There was no going back to sleep for the rest of the flight. We were coming into land at approximately 1600hrs, Leningrad time, and darkness was falling. The pilot happily announced an unimaginable ground temperature with light snow. When we landed I hauled my messenger bag down from the overhead locker and put on my puffa jacket with the beige canvass pockets on the outside. Ironically, I figured that the watchers at immigration would expect me to be dressed in an outfit befitting London and therefore they might feel I would be less of a nuisance at this stage if I was notably 'western looking'. As a student travelling on Scottish buses to and from my digs, I normally looked like a sack of shit: unshaven, wearing an over washed turtle neck, faded jeans (proper faded ones derived through wear and tear not as sold by the shop!) and Doc Martens but today had worn a shirt and tie out of respect for this occasion. I had even shaved! Bought two weeks before the trip from Marks and Spencer, these formal shirts came with fashionable plastic gold coloured tie pins with screw ends that fitted through the perforated holes on the shirt collars underneath the tie.

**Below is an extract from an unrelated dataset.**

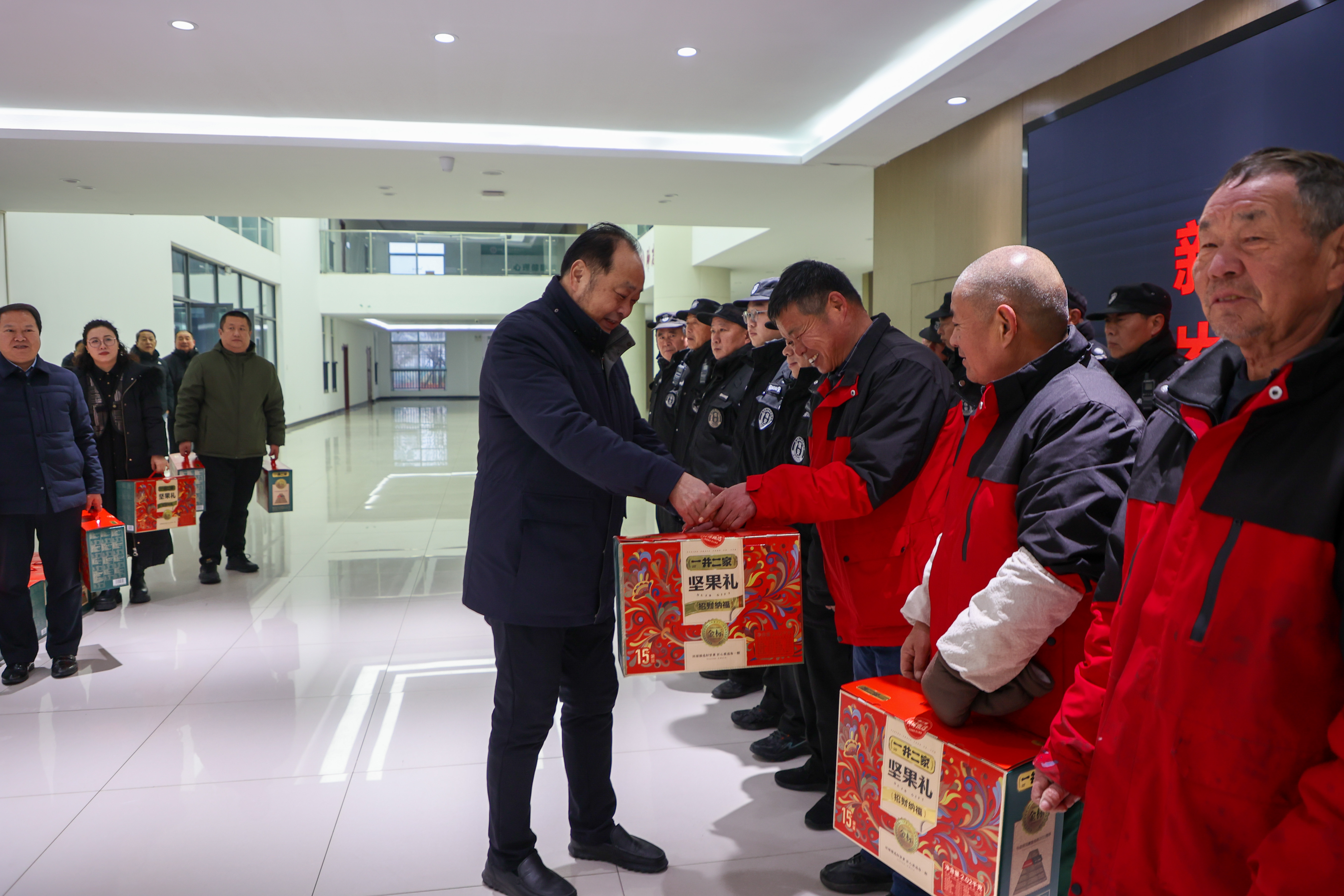1月29日上午,新年第一天,闫俊山、薄新党一行到郑州校区开展慰问活动,向在校坚守岗位的值班工作人员、一线值守人员送上新春问候和诚挚祝福,并发放了新春慰问品。闫俊山、薄新党对过去一年来大家在各自岗位上的辛勤工作给予充分肯定和高度赞扬,对他们在春节假期中,舍小家、顾大家,坚守工作岗位,为维护校园安全做出的无私奉献表示衷心感谢,鼓励大家继续做好春节期间各项服务保障工作,确保校园安全度过平安、祥和的春节。

When we got to the international baggage hall I waited with the rest of tour party for the bags to come through. It looked like all the immigration/customs officers had the same idea since place was completely empty of other passengers. I guess this is what passed for excitement at Leningrad international! All (approximately 12-15) of them in grey uniforms were gathered around one of their colleague's official desks clucking like a bunch of hens waiting for us lemmings to pass through. I thought about taking a photo of them but Alex had told me that this was an absolute No-No. Getting caught taking photographs at the airport would see me spend a night in the clink and if they found the letters in addition, well, who knows? Instead, I looked around and took in my fellow groupies. Two girls and I were definitely the youngest of the bunch. The rest were mainly middle aged or elderly couples. I convinced myself that my Aran sweater and puffa jacket combo didn't really stand out too much from the rest of the passengers although to a man, woman, young, middle aged and old they all had coats of some kind! Not many of the men were wearing ties either. Strike one up for the 'sack of shit' fashonistas!

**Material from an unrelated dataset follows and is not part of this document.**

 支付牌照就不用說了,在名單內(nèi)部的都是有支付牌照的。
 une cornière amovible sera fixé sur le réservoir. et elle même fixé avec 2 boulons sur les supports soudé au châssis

To my consternation my bag come onto the conveyer belt first. Not only that but it seemed to go round and round in
isolation for ages. I realise now that this may have been because I got to Gatwick a bit late. LIFO was kicking in. Last in First Out. But Alex was clear: wait for others to go first. DO NOT BE FIRST! After seeing my bag swing by me a fourth time I thought this SOP was not sustainable, picked it up and headed towards the Hens. This is one of life's moments when you think: "Well, at least this is not boring!". And it surely wasn't. I was in for a penny and a pound. I had decided to be completely confident about the forthcoming transaction and walked purposefully to meet the uniformed group and stuck an arm out with passport in hand. The man who was hosting the party took it and demanded that I put my suitcase and bag on the metal table in front of him. I hoisted both items up and opened them as instructed. With the others behind him he rifled through my underwear and spare shirts.

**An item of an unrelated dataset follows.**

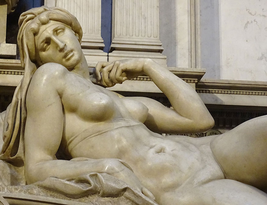 1520-Michelangelo (1475-1564). Grab Lorenzo Medici, Herzog von Urbino. Der Morgen. Medicigräber Florenz.

As he was doing this, the clucking of the group seem to increase and I became aware of how they were all intently looking at me. A thousand things went through my mind. What had given me away? Was I sweating? It then stuck me that the group were talking about my plastic gold tie pin. Clearly this was a new one to them. In the end one actually pointed at me, or it, and the clucking continued until an authoritative one looked around and saw other passengers forming a line. He barked a few orders, the group dispersed. The man rifling through my shreddies stopped and ordered me to zip up and move on. I didn't need to be told a second time. I passed through the terminal and into the snow outside to the waiting over heated tour bus that would take the herd to the hotel. It was boiling hot as I slumped in the back seat which I had to myself as the others had to catch up but I'd made it into the USSR. Now all I had to do was become the 'Leningrad Postie'!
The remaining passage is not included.